Carrying out this (non-rigorous) analysis for a general base b yields the result that the estimated and true quotients differ by at most 2/b. For b = 65536, we again obtain the result that the difference between the estimated and true quotient digits is at most 1, and this occurs with probability 2/65536 0.00003. Thus the "add back" steps are executed for only about 0.003% of the quotient digits.

An example that requires the add back step is, in decimal, 4500/501. A similar example for base 65536 is 0x7FFF 800000000000/0x800000000001.

We will not attempt to estimate the running time of this entire program, but simply note that for large m and n, the execution time is dominated by the multiply/subtract loop. On a good compiler this will compile into about 16 basic RISC instructions, one of which is multiply. The "for j" loop is executed n times, and the multiply/subtract loop m - n + 1 times, giving an execution time for this part of the program of (15 + mul)n(m - n + 1) cycles, where mul is the time to multiply two 16-bit variables. The program also executes m - n + 1 divide instructions and one number of leading zeros instruction.

Signed Multiword Division

We do not give an algorithm specifically for signed multiword division, but merely point out that the unsigned algorithm can be adapted for this purpose as follows:

1. Negate the dividend if it is negative, and similarly for the divisor.

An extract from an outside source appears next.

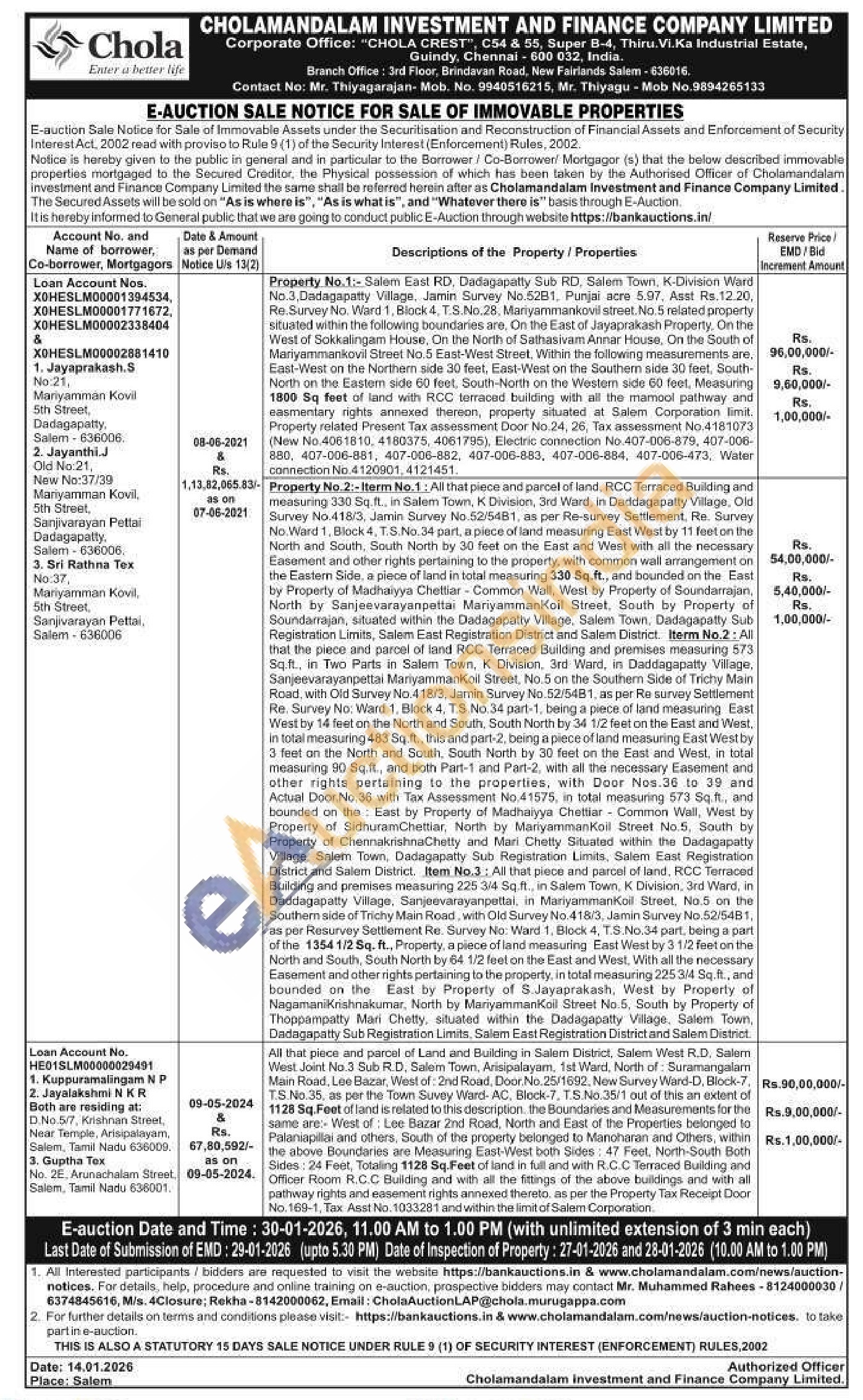Property No.1:-Salem East RD, Dadagapatty Sub RD, Salem Town, K-Division Ward No.3 Dadagapatty Village. Jamin Survey No.5281, Punjal acre 5.97. Asst Rs.12.20. Re Survey No Vilard 1, Block 4, T.S.No.28. Mariyammankovil street. No. 5 related property situated within the following boundaries are, On the East of Jayaprakash Property. On the West of Sokkalingam House, On the North of Sathasivam Annar House, On the South of Mariyammankovil Street No.5 East-West Street, Within the following measurements are. East-West on the Northern side 30 feet, East-West on the Southern side 30 feet, South-North on the Eastem side 00 feet. South-North on the Westem side 60 feet, Measuring 1800 Sq feet of land with RCC terraced building with all the mamool pathway and easmentary rights annexed thereon, property situated at Salem Corporation limit Property related Present Tax assessment Door No 24, 26, Tax assessment No.4181073 (New No. 4061810, 4180375, 4061795). Electric connection No 407-006-879, 407-006-880, 407-006-881, 407-006-882, 407-006-883, 407-006-884, 407-006-473, Water connection No.4120001,4121451

2. Convert the dividend and divisor to unsigned representation.

3. Use the unsigned multiword division algorithm.

4. Convert the quotient and remainder to signed representation.

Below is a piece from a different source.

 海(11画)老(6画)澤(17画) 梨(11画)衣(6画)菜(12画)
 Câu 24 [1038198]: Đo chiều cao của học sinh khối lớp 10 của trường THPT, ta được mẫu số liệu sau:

5. Negate the quotient if the dividend and divisor had opposite signs.

6. Negate the remainder if the dividend was negative.

These steps sometimes require adding or deleting a most significant digit. For example, assume for simplicity that the numbers are represented in base 256 (one byte per digit), and that in the signed representation, the high-order bit of the sequence of digits is the sign bit. This is much like ordinary two's-complement representation. Then, a divisor of 255, which has signed representation 0x00FF, must be shortened in step 2 to 0xFF. Similarly, if the quotient from step 3 begins with a 1-bit, it must be provided with a leading 0-byte for correct representation as a signed quantity.